As bad as things are now, I wonder how that compares to the conditions under the influence of the papacy at the height of its power?

Reactions: Like 1


----------



## Barney (Sep 23, 2022)

@Phil D. 
Fair point. But couple the wand ritual together with..

1. The [email protected] father was a freemason, her cousin I think is head of freemasonry in uk. Her husband was one. All common knowledge.

2. Every freemason hall has a chequered floor. It's essential. It's not a choice. It represents dualism. Do you know many churches with chequered floors?

3. The [email protected] took part in an important druid ceremony.

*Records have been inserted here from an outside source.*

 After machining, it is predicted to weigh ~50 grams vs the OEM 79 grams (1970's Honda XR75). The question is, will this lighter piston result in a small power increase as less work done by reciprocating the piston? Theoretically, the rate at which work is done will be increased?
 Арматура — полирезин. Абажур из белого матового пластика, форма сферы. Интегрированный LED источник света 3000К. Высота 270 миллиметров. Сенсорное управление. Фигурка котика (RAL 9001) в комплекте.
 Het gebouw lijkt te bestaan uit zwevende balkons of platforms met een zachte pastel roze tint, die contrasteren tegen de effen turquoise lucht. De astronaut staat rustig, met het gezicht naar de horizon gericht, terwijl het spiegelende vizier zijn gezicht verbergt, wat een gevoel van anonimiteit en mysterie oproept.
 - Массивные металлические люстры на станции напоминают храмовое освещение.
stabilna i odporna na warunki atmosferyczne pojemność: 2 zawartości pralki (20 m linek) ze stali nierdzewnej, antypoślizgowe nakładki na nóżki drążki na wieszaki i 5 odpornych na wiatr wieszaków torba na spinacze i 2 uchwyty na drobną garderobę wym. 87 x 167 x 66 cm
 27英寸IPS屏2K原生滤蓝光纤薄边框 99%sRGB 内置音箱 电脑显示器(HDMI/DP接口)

4. She only ever painted Jesus as a good example.


----------



## Jie-Huli (Sep 23, 2022)

Barney said:


> Hi Steve,
> Thanks. Yes. I'll add to that Ephesians 5:11
> I think that applies?
> I take no delight when anyone dies and I do have compassion. That said, I don't believe the [email protected] was a born again Christian. Do you know if this has been talked about on PB previously? Before I get hammered or thrown off for being a nutter and disrespectful, hear what I have to say because if a Christian has grave concerns about evil then they should not be dismissed. I think a few bullet points may help because I'm not the quickest typer:
> ...



I would urge you not to involve yourself in speculations of this nature - there is certainly enough evil in the world to be combatted without getting involved with these sorts of claims. As Christians, we are called to be sober, after all.

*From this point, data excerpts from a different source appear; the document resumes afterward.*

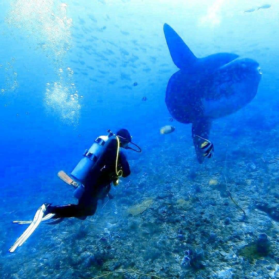 Gamat Bay is also one of the most beautiful scuba diving spots in Nusa Penida. The reason is, the bay is a plateau with a depth of about 8 meters, full of coral. And you will also often see turtles. Hence, a good place to do discovery dives when conditions are good. Especially if there is no current at high tide. And at the exit of the bay was a wall that descended into the sand plain 50 meters deep.
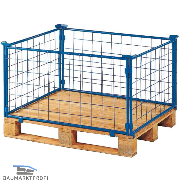 4-seitig geschlossen, Traglast 1500 kg, 4-fach stapelbar, Seitenteile aus Stahlgitter,Maschenweite 100 x 100 mm, Eigengewicht 18,5 kg.
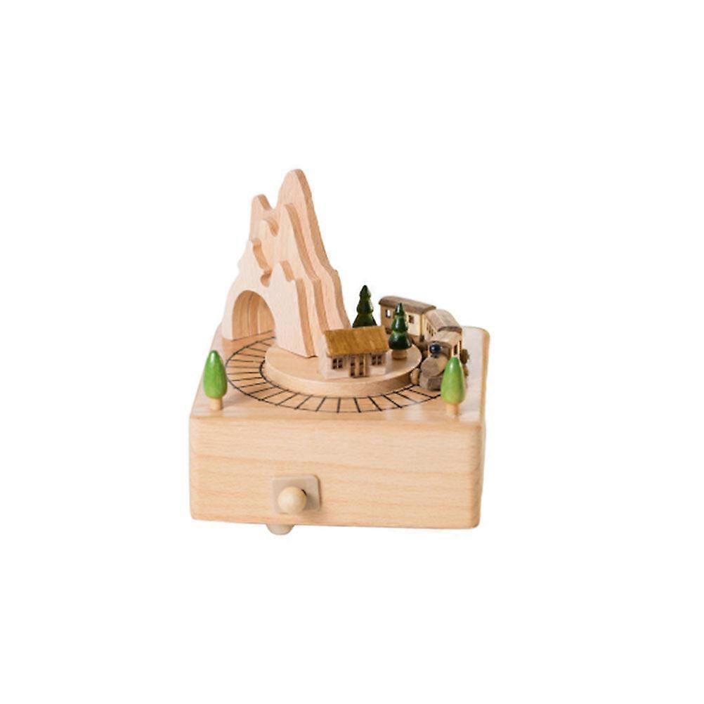 Creative Small Train House Clockwork Music Box Fashion Wood Carved Wind up Music Box Desktop Decoration Gift for Birthday Valentine (Light Yellow)
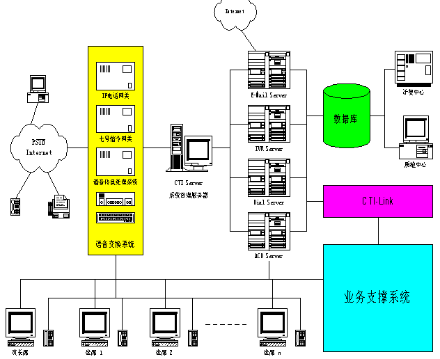 Telephony Integration 計算機電話系統(tǒng)集成)技術(shù)正是順應(yīng)這個時代的產(chǎn)物,CTI系統(tǒng)是集合程控交換機、電話語音、數(shù)據(jù)庫、
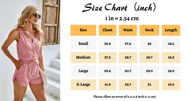 The design of this shorts one piece jumpsuit:solid jumpsuit,round or scoop neck, sleeveless short romper, adjustable drawstring waist, two side pockets, high elastic waist, u back, tank tops romper, short pants design, wide legs, loose fit, stretchy fabric, casual, lightweight, beach
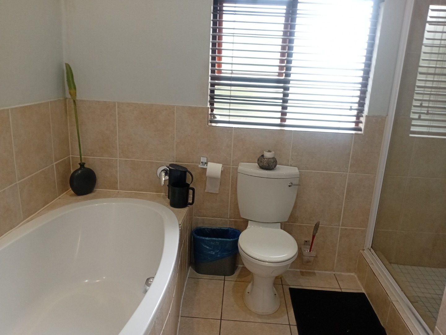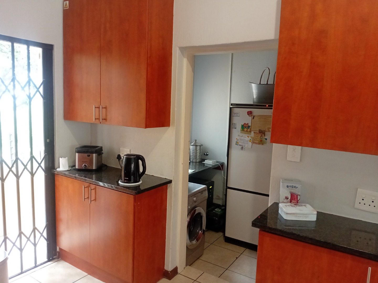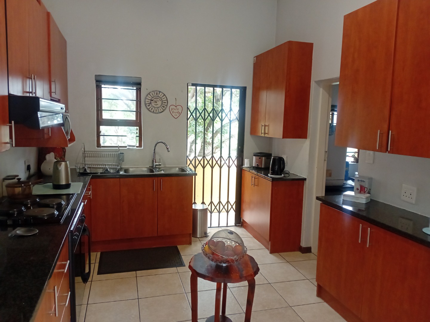 The home offers a spacious and modern kitchen with built-in cupboards, complemented by a scullery and a breakfast nook with laundry space. The open-plan lounge and dining room provide a warm and inviting atmosphere for both everyday living and entertaining.
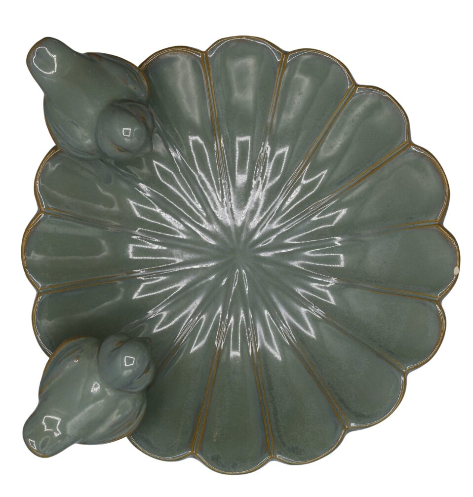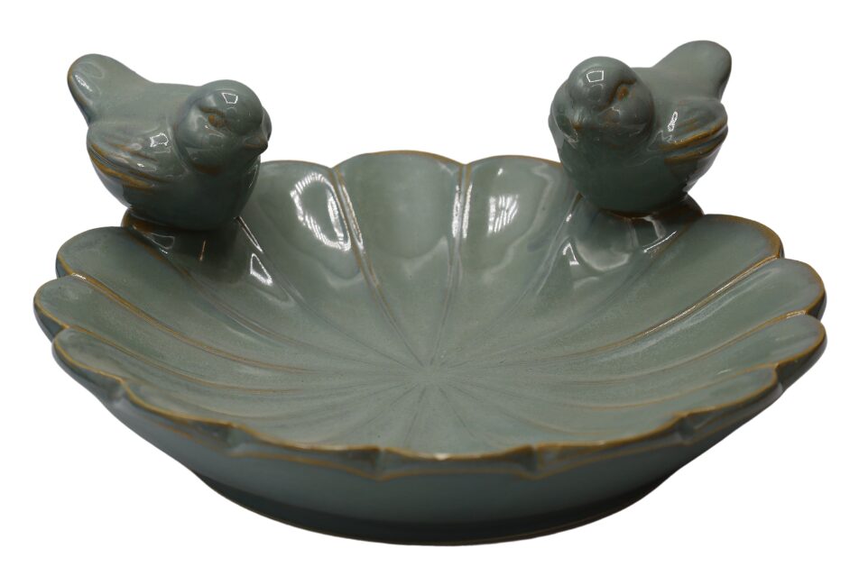 Duże miętowe ceramiczne poidełko SLOBAN z dwiema uroczymi figurkami ptaszków na krawędzi. Idealna dekoracja ogrodowa, zapewniająca miejsce do pojenia ptaków i podnosząca estetykę otoczenia.
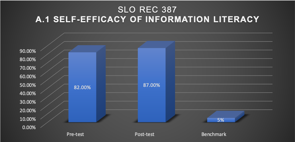 3D bar graph titled 'SLO REC 387 A.1 SELF-EFFICACY OF INFORMATION LITERACY'. The graph shows three vertical bars representing 'Pre-test', 'Post-test', and 'Benchmark'. The 'Pre-test' bar shows an 82.00% level, the 'Post-test' bar shows an increased level of 87.00%, and the 'Benchmark' bar is much lower at 5%. Each bar is blue and the percentages are labeled at the top of the first two bars. The background is dark with a grid, and the y-axis is labeled with percentages from 0.00% to 90.00% in increments of 10.00%.
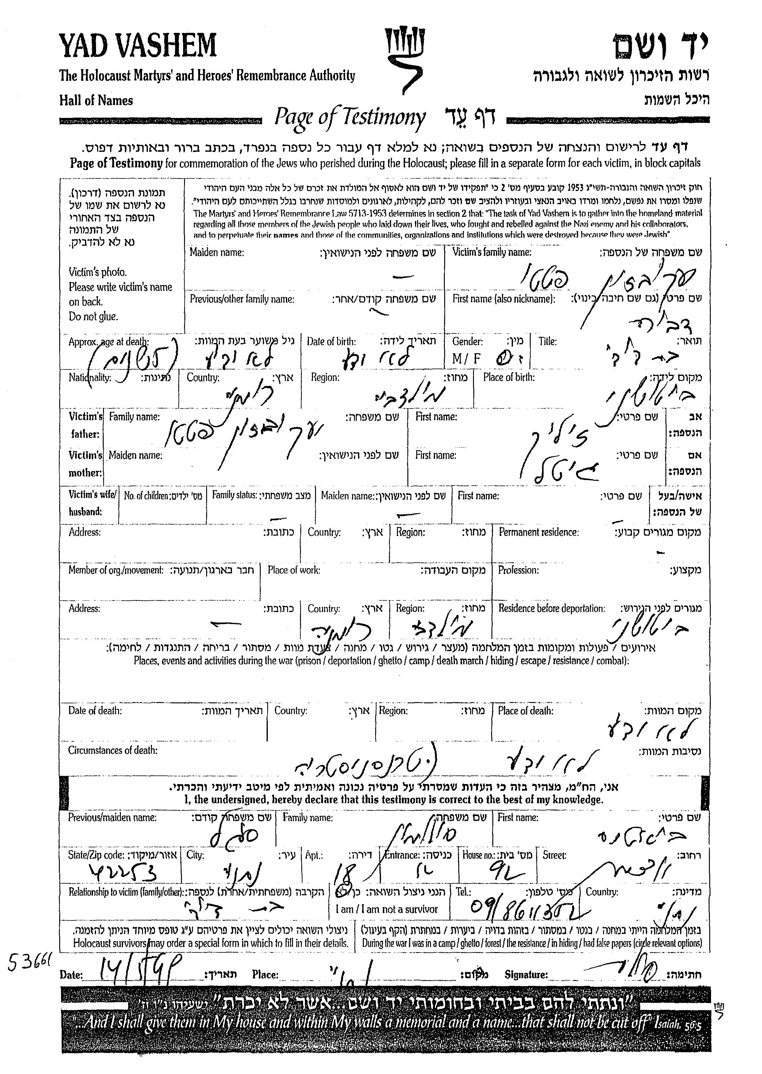 Яд Вашем - Листы свидетельских показаний Мемориального фонда

Certainly I disagree with woman ministers, and indeed would disagree with a great deal that happens in the modern Anglican church. But (without getting into it point by point) some of what is written above is off base and I would not draw conclusions from "You Tube" videos. The wand, for example, has nothing to do with magic, it is the Lord Chamberlain's "Wand of Office". To quote from a media article in the interest of time: "Its breaking by the Lord Chamberlain, Lord Andrew Parker, symbolises the end of the Queen’s sovereignty. The tradition dates back centuries: the wand was a tool formerly used by the Lord Chamberlain to admonish people in the monarch’s court. He would tap them if they were too rowdy or disrespectful. The symbolic moment of its breaking marks the end of the Queen's sovereign status, as she is lowered into the ground."

As a reformed Christian (and I am certainly not within the Church of England), I would obviously like to see the Church of England be reformed to Biblical principles in myriad ways, including, no doubt, ways that would be manifest on grand Royal and State occasions. But I don't think people should get carried away and veer into unsubstantiated conjecture.

Reactions: Like 5


----------



## Osnah (Sep 23, 2022)

Barney said:


> @Jack K & @C4MERON
> Apologies to Jack if he wasn't annoyed at me bringing the subject up. I thought he was but maybe that's paranoia.
> I do recognize the dangers of being drawn in to anything of the world too much. The same can be said of many things such as football, baseball ect.
> Do any of you read anything that isn't the Bible or Christian books or watch or listen to anything that isn't Christian?
> My point being is what is sinful about researching how the enemy of our Great God and our soul is working out his agendas through those in power when many Christians spend a fair amount of time doing non Christian "things"?


Maybe I misunderstand you here. My apologies if so. However, to ask if anyone on PB reads anything that isn't Christian seems to imply that we are unaware of what is happening in our world and culture altogether. If that is what you are getting at then I would say that simply isn't true. 

The PB has some of the most well-read and highly thoughtful minds (in my opinion) around. Many on this board today and in years past have read numerous books on philosophy, mythology, religion, etc. to better understand and reinforce their Christian worldview. There are some people here that read classical literature, sci-fi, history, etc. just for fun. I would argue that most on PB are critical thinkers. One only needs to browse past threads to see that the PB has some very thoughtful and well-articulated people.

It's not that the PB dismisses the arguments that you are making. I would say that most agree to some point that there are certain powers in this world that are spiritual in nature. I personally use caution with trying to make everything that I see on the Internet and in real life into something that it may not be. For example, I can see what you are saying about the checkered floors, but who is to say that having checkered floors always implies the occult or something sinister? While it may very well be true that the floors were designed with that in mind, the other side of this argument is that the world can take that idea and go overboard with it. Before you know it, well meaning people are obsessed with reading something into everything that they see. The tendency today is that instead of reading the Word of God and studying it, people are much more fascinated with 'secret societies' and/or 'conspiracies'.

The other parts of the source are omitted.